Lebih mendasar lagi, kehadiran negara dalam pengelolaan ZISWAF perlu ditempatkan dalam kerangka konstitusional. Undang-Undang Dasar 1945 menjamin kemerdekaan tiap-tiap penduduk untuk memeluk agama dan beribadat menurut agamanya (Pasal 29 ayat 2), serta menjamin kebebasan meyakini kepercayaan dan menjalankan ibadah sesuai keyakinannya (Pasal 28E ayat 1). Dalam perspektif ini, zakat, infak, sedekah, dan wakaf bukan sekadar aktivitas sosial, melainkan bagian dari praktik ibadah yang dilindungi oleh konstitusi.

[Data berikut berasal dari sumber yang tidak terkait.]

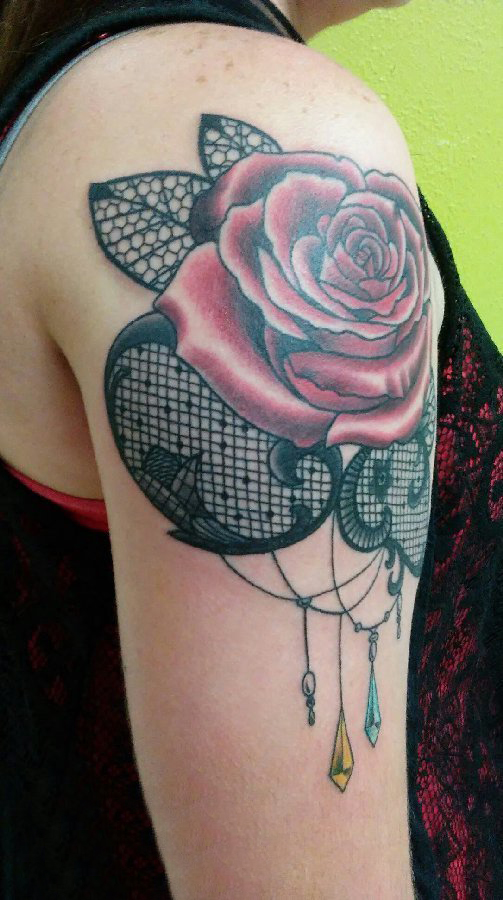 纹身玫瑰花 美女手臂上立体小纹身玫瑰花和蕾丝花边纹身图片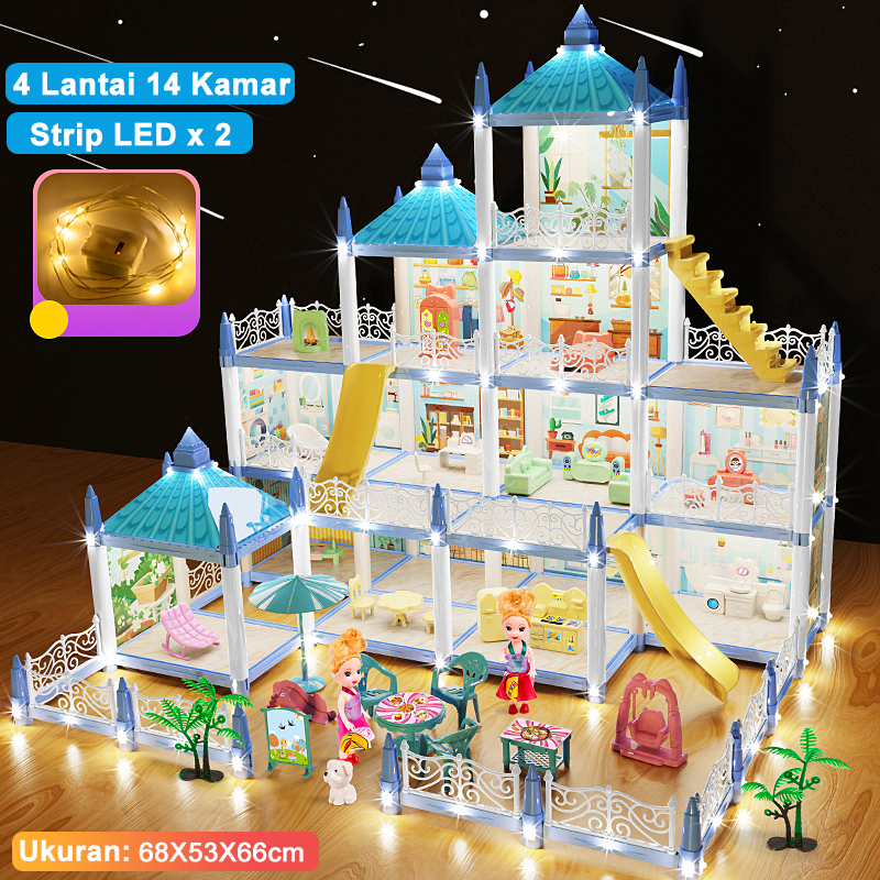 Mainan Anak Perempuan Doll House Princess Castle Besar Lengkap Perabot Rumah Lampu Terbaru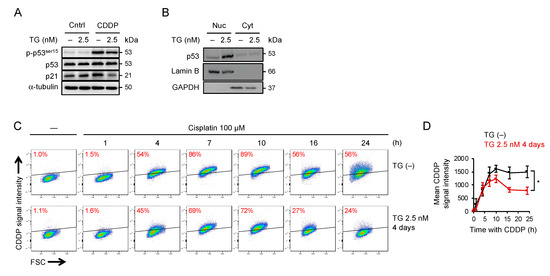 The cells that had been maintained in cell culture media with or without 2.5 nM of thapsigargin were trypsinized and seeded on 4-well chamber slides (154941, LAB-TEK) at a density of 3.5 × 104 cells per well. After 18 to 24 h, cells were washed with a warm PBS and incubated in cell culture media containing 50 to 100 µM of Cisplatin-Texas Red conjugate for 24 h. Cells were then fixed with 4% paraformaldehyde for 10 min at room temperature, and subsequently permeabilized using 0.05% Trion-X100 in a PBS for 5 min. For TP53 staining, the antibody (175933, Abcam) was used. Cells on chamber slides were washed and the nuclei were counterstained with 4′,6-diamino-3-phenylidole, dihydrochloride (DAPI, #D1306, Thermo Fisher Scientific, Waltham, MA, USA) and examined using an Olympus FV1000 confocal microscope.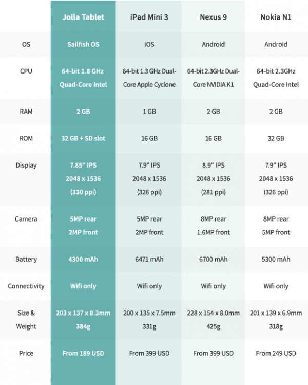 Jolla Tablet 采用 7.85 英寸 2048x1536 分辨率 IPS 屏幕,像素密度高達 330 PPI,搭載1.8GHz的英特爾 64 位四核處理器,2GB運行內存,32GB 內置存儲,支持 MicroSD 卡擴展,200萬像素前置攝像頭,500 萬像素主攝像頭,4300 mAh 電池,搭載 Sailfish OS 2.0 操作系統平板適配版本,兼容 Android 應用與游戲。機身三圍為 203x137x8.3mm,重量 384g。售價 189 美元(約合1150 元人民幣),需要到 2015 年 5 月發貨。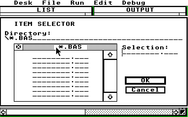 L'option Delete File un programme ST BASIC d'une disquette. Lorsque vous sélectionnez l'option Delete File, la boîte de sélection d'éléments s'affiche. Pour supprimer un fichier, double-cliquez sur le nom du fichier ou cliquez une fois sur le nom du fichier puis cliquez sur le bouton OK.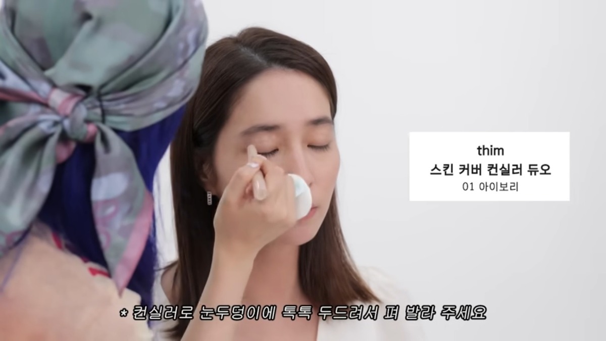 - 2. 피곤한 것처럼 꺼져 보이는 눈두덩이. 이사배는 컨실러를 톡톡 두드린 다음 펴 발라 눈두덩을 채웠습니다.
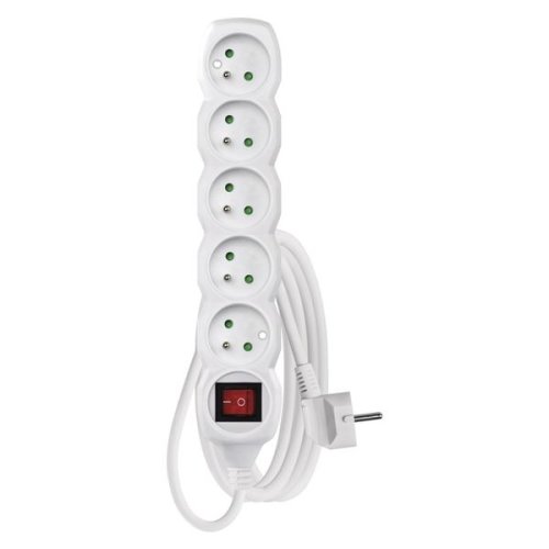 • Bílý prodlužovací přívod, 5 zásuvka s vypínačem, délkou 3 m a průřezem vodiče 1 mm2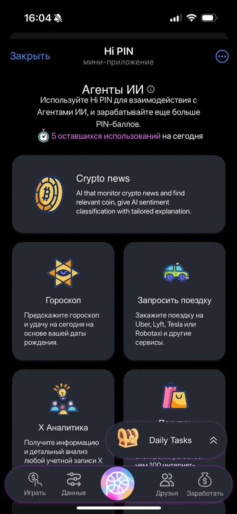 - Основные функции: бронирование такси, проверка гороскопа, онлайн‑шопинг, управление подписками, анализ расходов, социальные опросы, тестирование продуктов и подключение криптокошельков.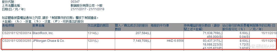 智通财经APP获悉,根据联交所资料显示,摩根大通于11月15日减持鞍钢股份(00347)715万股,每股作价6.66港元,总值4761.9万港元,最新持股量减至8.60%。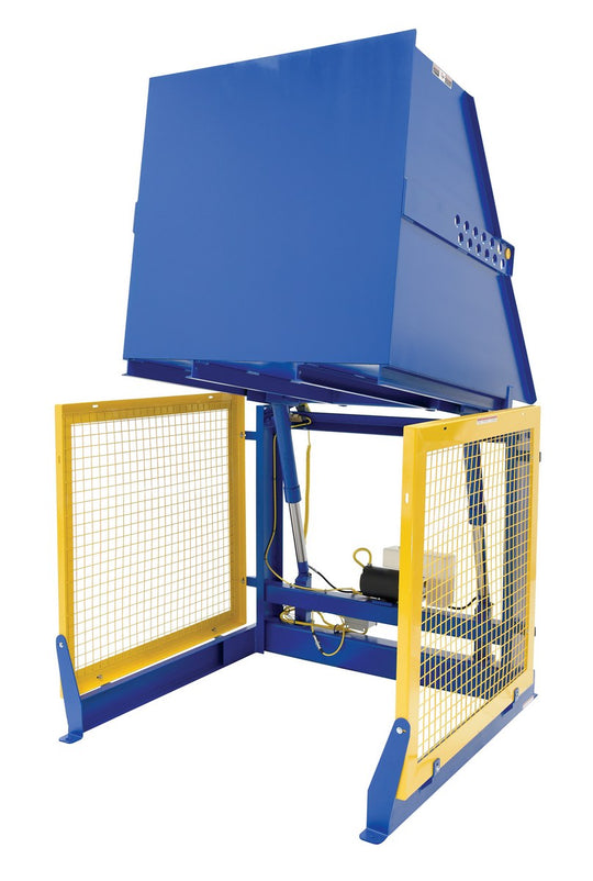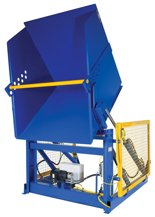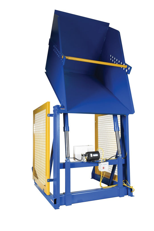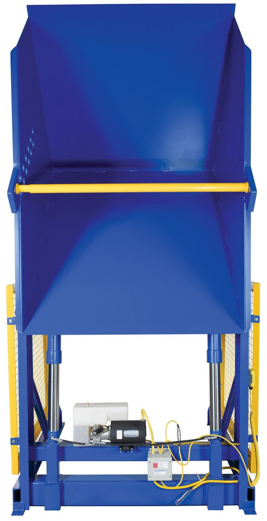 Vestil Steel Electric Hydraulic Box Dumper 48 In. Dump Height 4,000 Lb. Capacity Blue
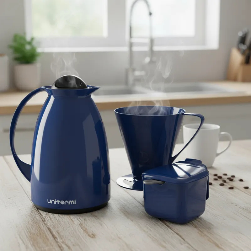 Kit Café Super Pratico Com Garrafa Térmica + Açucareiro Com Colher + Suporte para Filtro UNITERMI Varias Cores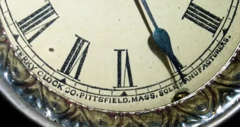 C.1883, Terry Clock Co., Pittsfield, Mass. 30-hour "Plush" alarm clock,

Dengan demikian, peran negara melalui pemerintah seharusnya lebih ditekankan pada fungsi fasilitasi dan perlindungan, memastikan tata kelola yang amanah, transparan, dan sesuai prinsip syariah; bukan sebagai pihak yang memposisikannya sebagai sumber daya yang dapat dikelola dalam kerangka kebijakan semata.
Di titik ini, yang perlu dijaga bukan hanya efektivitas pengelolaan, tetapi juga ketepatan cara pandang.
ZISWAF bukan sekadar “dana sosial”. Ia adalah sistem distribusi keadilan berbasis syariah yang memadukan dimensi ibadah, hukum, sosial, dan ekonomi sekaligus. Menguranginya menjadi sekadar instrumen keuangan berarti mengabaikan sebagian dari hakikatnya.
Pemerintah tetap memiliki peran penting sebagai regulator dan fasilitator. Namun peran tersebut harus dijalankan dengan prinsip kehati-hatian: memperkuat tanpa mengambil alih, mengintegrasikan tanpa menyeragamkan, dan mengoptimalkan tanpa mereduksi.
Pada akhirnya, ini bukan sekadar soal kelembagaan, tetapi soal makna tentang menjaga ZISWAF tetap sebagai ibadah, amanah, dan jalan keadilan, bukan sekadar dana yang dikelola.
Di tengah dorongan untuk mengintegrasikan dan mengoptimalkan, kita perlu bertanya: apakah kita sedang membangun sistem yang lebih kuat, atau justru sedang menggeser cara pandang yang mendasarinya?
Jangan sampai dalam upaya memperbesar dampak ZISWAF, kita justru secara tidak sadar sedang memperkecil maknanya.